Bagby is just under 5 feet tall, so using Fraser’s clubs was out of the question. She had to choke down so far that the butt end of the club hit her stomach. Consequently, she hit every shot with her driver. Now that Bagby has gotten more into the game, she has been fitted for a set of Cobra irons and woods. She also needed some golf clothes. “The golf outfits are fun,” she says. “There’s a lot less out there for the females, but they’re starting to pop off a bit more. I’m used to more formfitting clothes, and the golf clothes are looser. I’m used to technical apparel, where even the T-shirts are tight. Golf clothes are more flowy.”
Though Bagby thinks the golf outfits are cute, they have a drawback that she discovered when she started to practice more. “If you’re filming video, you can see your body mechanics a lot better when you’re wearing something tighter,” Bagby says. “That’s why I like going to the range in leggings and a sports bra. I can see what part of my body is moving and what’s engaged. So much of the golf swing is about the hips, and with a skirt flowing around, I can’t see what my hips are doing. I go to the range and whack as many balls as I can and then go back and watch the video to see if I got better. It’s what I do for other sports.”
Her jiujitsu class ends at 8 p.m., so she goes to a range nearby that stays open until 9:30. “As a beginner, I feel like contact is more important than anything,” Bagby says.
To figure out what to work on, she has enlisted the help of instructor Joey Aliano and watches swing videos of tour professionals. She knows watching a swing like Dustin Johnson’s isn’t relevant to her; their bodies are too different.
Bagby admires female long-drive champion Troy Mullins. “She looks so fun. I’ve been watching her stuff because her legs are similar to mine,” Bagby says. “I watch how her legs move during the swing and try to do the same. She’s taller than me, but we have similar bodies, so it makes sense to watch how she moves when she swings.” Watching Mullins has seemingly helped Bagby: At a recent scramble, Bagby clocked a 250-yard drive.
The key thing she’s working on in her swing right now is using her arms less. Her other sports rely heavily on her upper body, so using more legs and hips is new to her. She’s also learning to not muscle her way through the swing. “In [mixed martial arts], it’s about hitting harder. In golf, I have to slow down a little bit,” Bagby says. “I can’t just grab this thing and rip it. It’s more technique, more finesse, a lot more graceful.”
Bagby has continued playing in scrambles, though she’s typically one of just a few women. “I would love to meet more females in this space,” Bagby says. “I started following some girls who golf on Instagram. We need a powersquad of chicas who golf. Every time I meet a new girl, I’m like, ‘Do you golf?’”

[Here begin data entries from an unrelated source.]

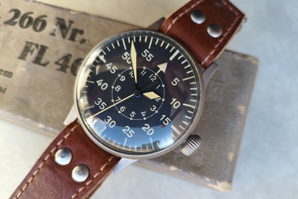Технические характеристики: Немного истории: Военная авиация Германии готовясь к войне нуждалась в наручных часах. В конце 30-х годов Beobachtungsuhren / B-Uhr или Flieger (часы воздушного наблюдателя) становятся неотъемлемой частью военного пилотного оборудования. Часы служили не только как прибор для определения точного времени, но и как средство навигации в дополнение к приборам, расположенным в кабине самолете: компасу и альтиметру. Технические характеристики этих часов были определены едиными требованиям Рейхсминистерства авиации, было очень важно, чтобы механические часы были высокой точности: Маркировка часов FL 23883 означала, "FL" означает Fliegnummer , т.е. принадлежность к авиационному снаряжению; "23" обозначение навигационного прибора; "883" означает, что часы тестированы Немецким исследовательским институтом авиации (Deutsche Versuchsanstalt für Luftfahrt). Каждые часы должен был быть проверены на соответствие обязательным требованиям, что подтверждалось соответствующим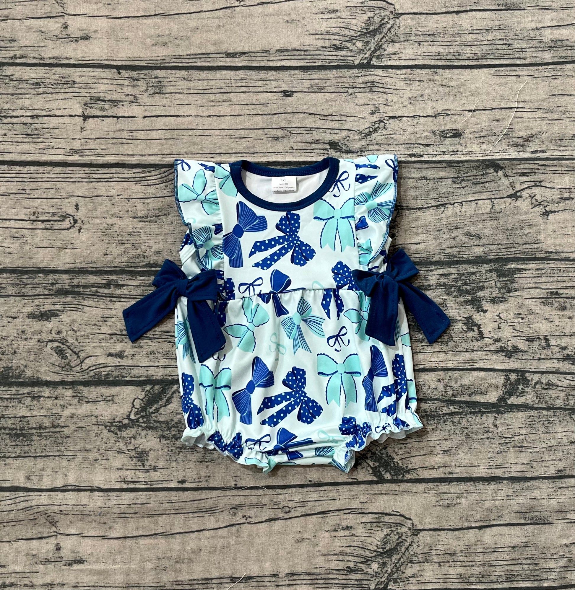 SR3121 Baby Girls Hot Blue Flutter Sleeves Bows Ruffle Rompers D 821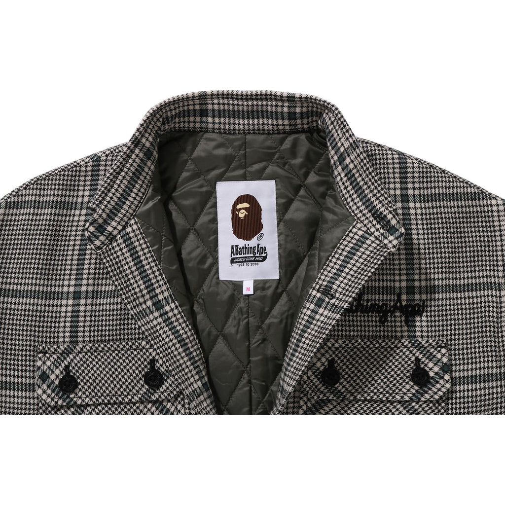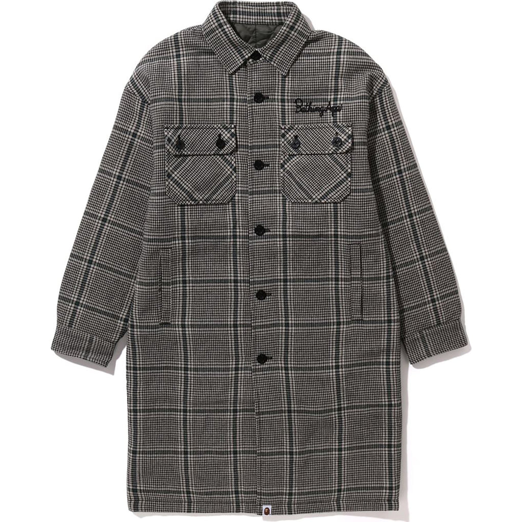 BAPE EMBROIDERY LOGO CHECK LONG SHIRT COAT LADIES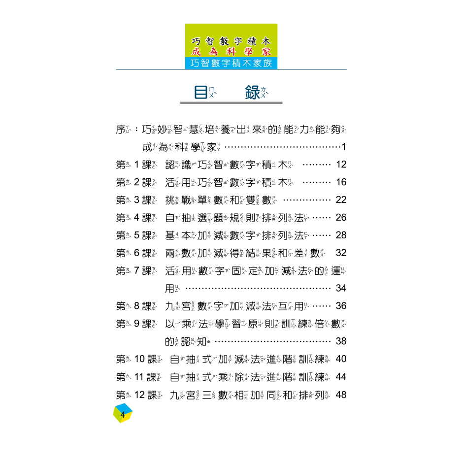 本手冊由簡而深,認識並學習巧智數字積木
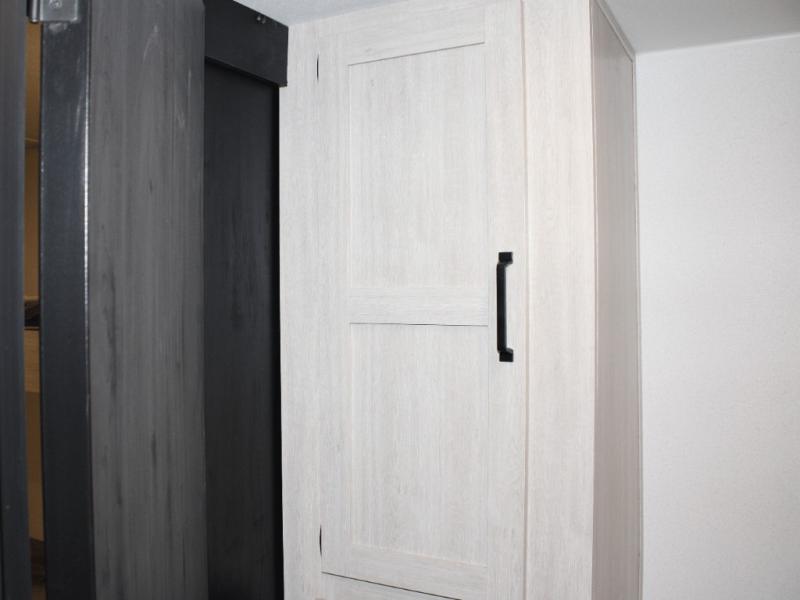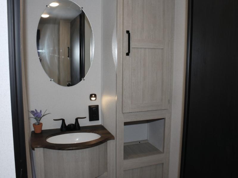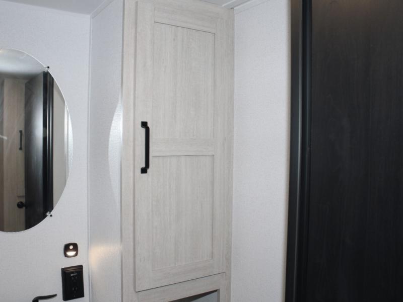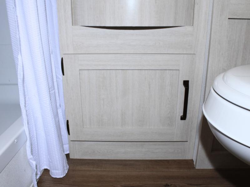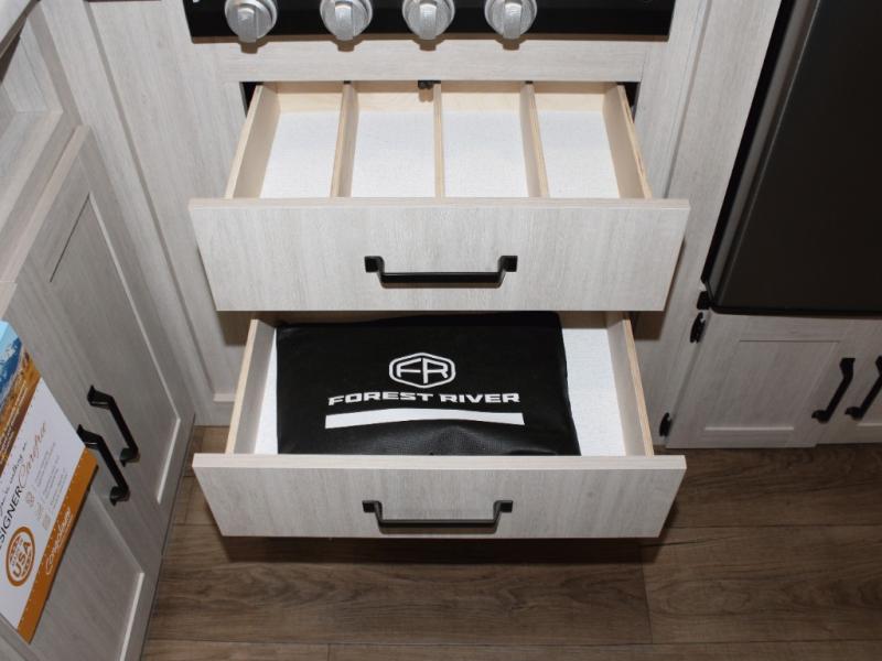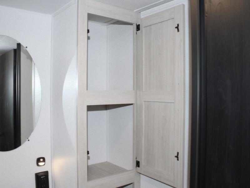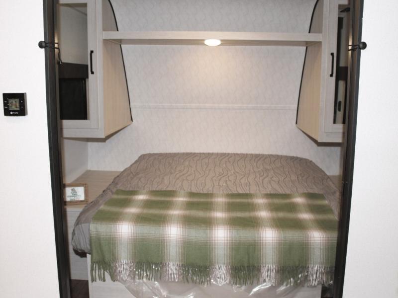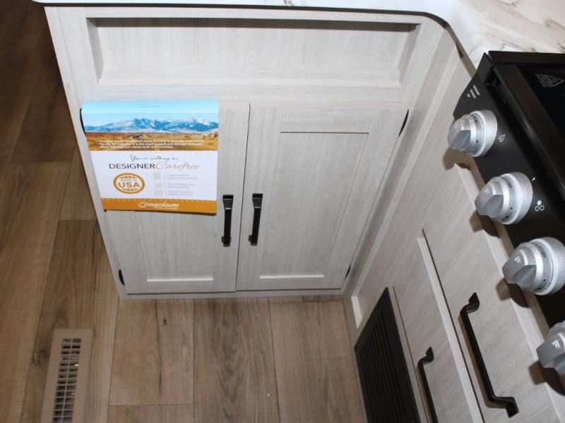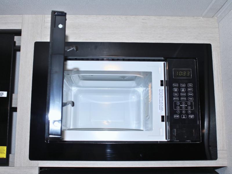 Step inside and enjoy the large slide-out that opens up the living space, giving you room to move freely. The booth dinette and sofa sit across from an optional TV, creating the ideal space for meals, games, and movie nights. The full kitchen features a three-burner cooktop, stainless microwave, 12V refrigerator, and pantry—making it easy to prepare home-cooked meals wherever your travels take you. For those who love cooking outdoors, an optional mini kitchen with a grill adds even more versatility.

While she works on assembling her powersquad, Bagby plays with her manager and her golf-obsessed brother Devon. Bagby’s family is close, touching base with each other daily. Golf has added another layer of connection. Bagby says her style of golf is a relaxed experience. The guys are drinking some beers, Bagby has music playing, and she’s dancing around in between shots. “She’s a ball of energy out there,” Devon says. But don’t let the fun fool you. Bagby is serious about golf. She wants to get good enough to graduate from the scramble circuit and play her own ball in a women’s tournament.

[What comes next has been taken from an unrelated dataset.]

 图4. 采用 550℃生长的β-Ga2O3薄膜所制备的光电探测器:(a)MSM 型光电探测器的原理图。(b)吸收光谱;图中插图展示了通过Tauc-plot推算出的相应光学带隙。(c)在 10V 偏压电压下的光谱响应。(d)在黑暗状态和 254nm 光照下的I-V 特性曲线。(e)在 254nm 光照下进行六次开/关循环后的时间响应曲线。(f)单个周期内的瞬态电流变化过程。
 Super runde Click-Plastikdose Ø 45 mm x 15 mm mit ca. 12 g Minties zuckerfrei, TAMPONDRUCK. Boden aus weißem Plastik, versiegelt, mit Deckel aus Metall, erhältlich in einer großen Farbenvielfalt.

Two crucial things happened to get her to this point: Someone invited her, and she decided to not be intimidated. “The best piece of advice I got was, ‘Don’t get intimidated.’ You’re in a new environment, people are clearly in this club where they know exactly what they’re doing, and you’re just showing up like, Uh, I don’t know what’s going on. But you just have to enjoy it,” Bagby says. “If you have fun and are learning, you’ll get addicted to it, too.”